→ **Task brief**: Print only the lines from the one with "Beachten Sie die" through the end of the data, exactly, and please omit pictures.

(Recorded data begins)

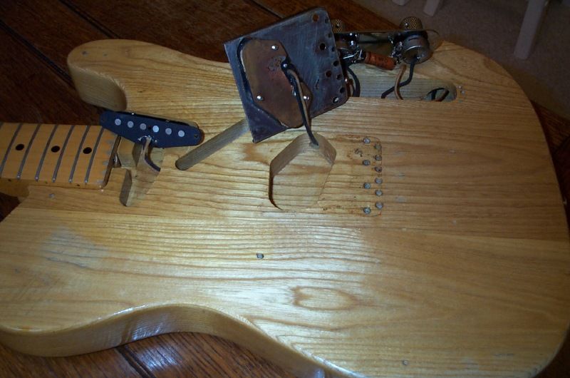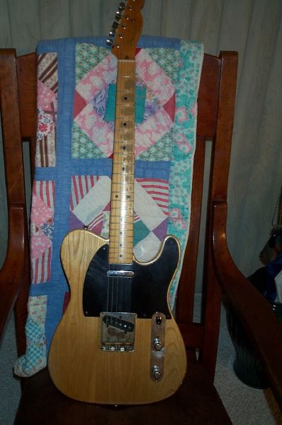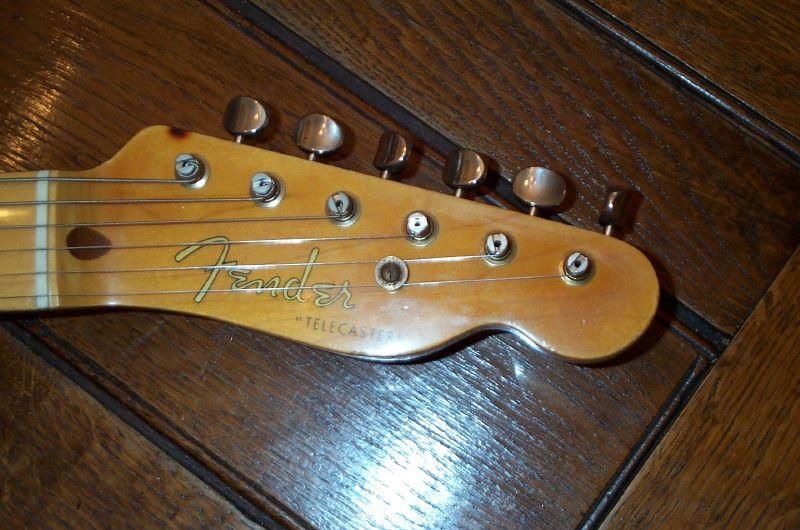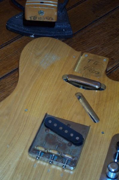 WOW! Where do I start? OK, here we go..... I'll start with the neck which is marked "T G 12/19/52" it's been oversprayed or possibly refinished. The decal and headstock has been oversprayed and it's difficult for me to tell if the logo is original or not. It looks to me as if it's been replaced at some point. The tuners are reissue no line Klusons. The body has also been refinished to natural(Hippie Wood). All of the correct dowells and pin router markings are all in the right places as well as the "router hump' near the neck pocket. The neck pocket is marked "T G 1/12/53". I think that the pencil markings on the end of the neck and the neck pocket were touched up when the refin occured. The pots have been replaced and they are marked "1376417" which translates to the 17th week of 1964. The bridge plate is original with serial number 3889 stamped on it and the saddles are also correct. The control cavity still has the piece of masking tape with "Gloria 1/22/53" on it. It was NOT touched up. Whoever did the refin proably carefully removed the taped before the refin and then placed it back afterwards. The bridge pickup looks original to me but the neck pickup I'm not sure of. The pickguard is not original. It comes with a generic black tolex hard shell case. This is just a super cool player 1952/53 Fender Telecaster that will not break the bank. Original examples are really bringing BIG $$$$$$. Own this one for a fraction of that! Buyer pays shipping and insurance. Payment is to be recived within 5 days of the auction close. Please be sure to emai with any questions. All auction sales are final.
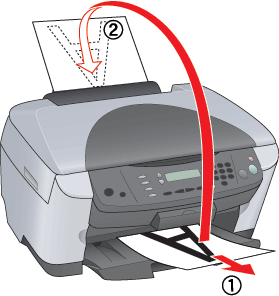 Beachten Sie die Anweisungen am Bildschirm zum erneuten Einlegen des Papiers oder legen Sie das Papier, wie in der Abbildung unten dargestellt, erneut ein.
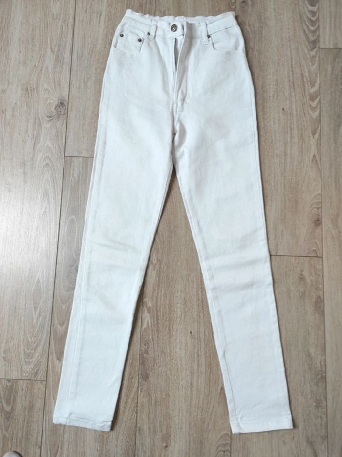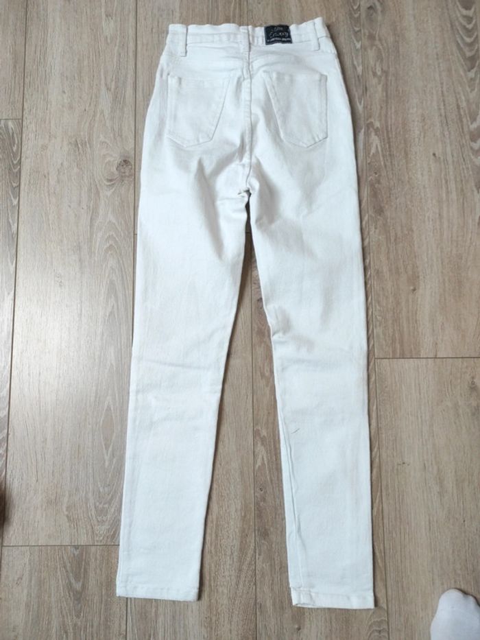 Jean blanc Taille haute Taille s étiquette de taille coupée Miss twixy

(Recorded data ends)

→ **Solution to this problem**:
 Beachten Sie die Anweisungen am Bildschirm zum erneuten Einlegen des Papiers oder legen Sie das Papier, wie in der Abbildung unten dargestellt, erneut ein.
 Jean blanc Taille haute Taille s étiquette de taille coupée Miss twixy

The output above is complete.